According to the joint statement by MAS and MTI, global inflation has remained elevated and it is likely to persist for some time.

“Notably, higher crude oil prices are supported by tight supply conditions, as well as strengthening demand. The supply-demand mismatch in various commodities and goods markets, as well as bottlenecks in global transportation, are likely to continue in the near term,” reads the statement.

Amid the gradual recovery in the global and regional economies, underlying inflation in Singapore’s major trading partners is also projected to gradually increase.

In Singapore, the labour market is expected to recover on the back of the easing of Covid-19 restrictions and a pickup in economic activity. Wages have also picked up and are anticipated to rise “at a steady pace”.

Consumer demand should also pick up as the pandemic stabilizes.

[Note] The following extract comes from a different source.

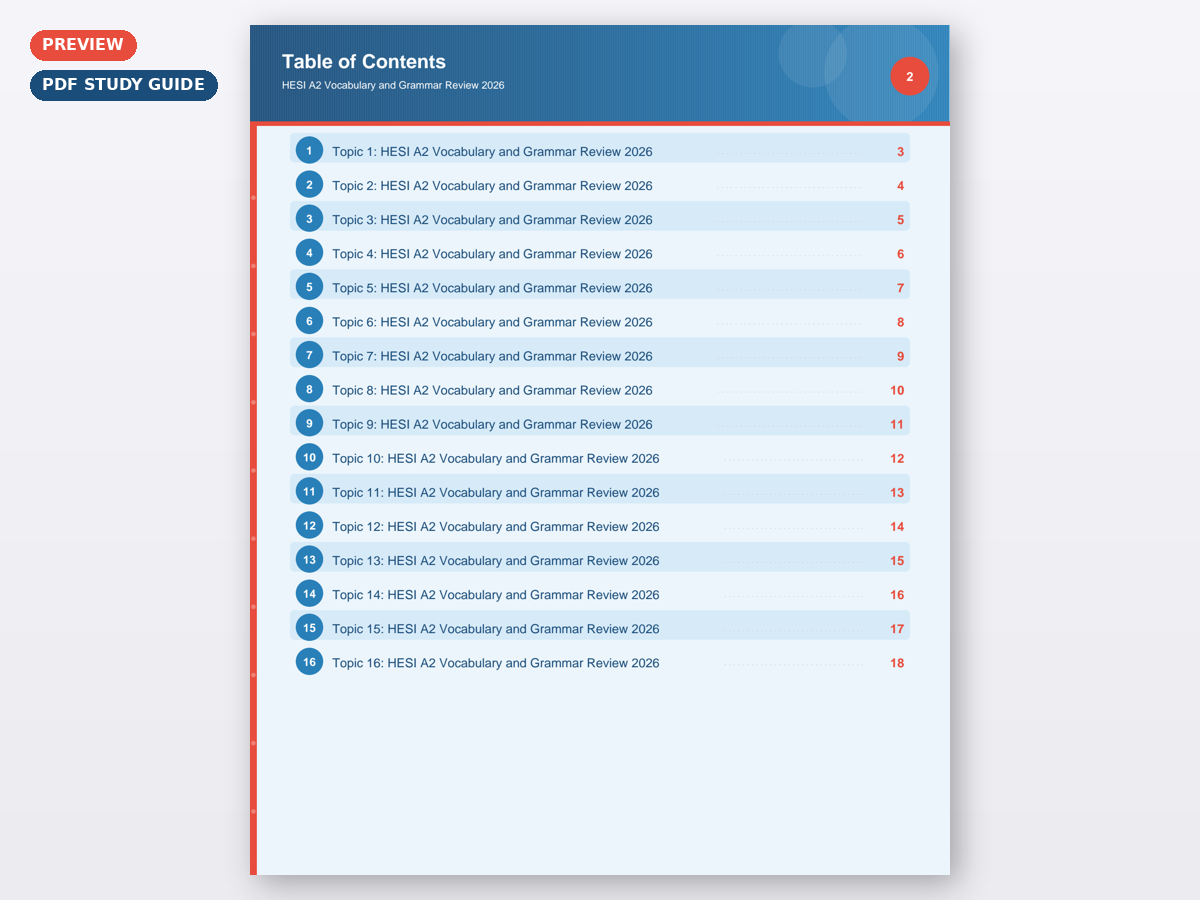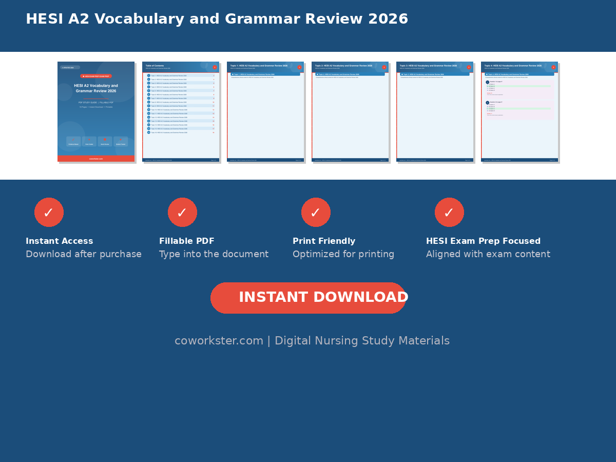 This digital download includes 18 professionally designed pages covering Topic 1: HESI A2 Vocabulary and Grammar Review 2026, Topic 2: HESI A2 Vocabulary and Grammar Review 2026, Topic 3: HESI A2 Vocabulary and Grammar Review 2026, Topic 4: HESI A2 Vocabulary and Grammar Review 2026, Topic 5: HESI A2 Vocabulary and Grammar Review 2026, Topic 6: HESI A2 Vocabulary and Grammar Review 2026, Topic 7: HESI A2 Vocabulary and Grammar Review 2026, Topic 8: HESI A2 Vocabulary and Grammar Review 2026, Topic 9: HESI A2 Vocabulary and Grammar Review 2026, Topic 10: HESI A2 Vocabulary and Grammar Review 2026, Topic 11: HESI A2 Vocabulary and Grammar Review 2026, Topic 12: HESI A2 Vocabulary and Grammar Review 2026, Topic 13: HESI A2 Vocabulary and Grammar Review 2026, Topic 14: HESI A2 Vocabulary and Grammar Review 2026, Topic 15: HESI A2 Vocabulary and Grammar Review 2026, and Topic 16: HESI A2 Vocabulary and Grammar Review 2026. Every page features a clean, color coded layout that makes complex nursing concepts easy to scan and review. The fillable PDF format means you can type directly into the document on your computer, tablet, or phone, or print it out and write by hand. Either way, you have a study tool that works the way you study.

Rising imported and labour costs, alongside the recovery in domestic economic activity, will

support a steady increase in core inflation in the quarters ahead.

For FY2021, MAS core inflation is estimated to come in near the upper end of the 0-1% range as forecasted. It is projected to increase further to 1-2% in FY2022.

CPI-All items inflation is forecast to come in around 2% in FY2021 and average 1.5-2.5% in FY2022.

“Amid construction delays, accommodation inflation should remain firm and continue to support CPI-All Items inflation in 2022. Meanwhile, private transport inflation is likely to moderate next year on the back of a slower pace of increase in COE premiums and petrol costs,” adds the statement.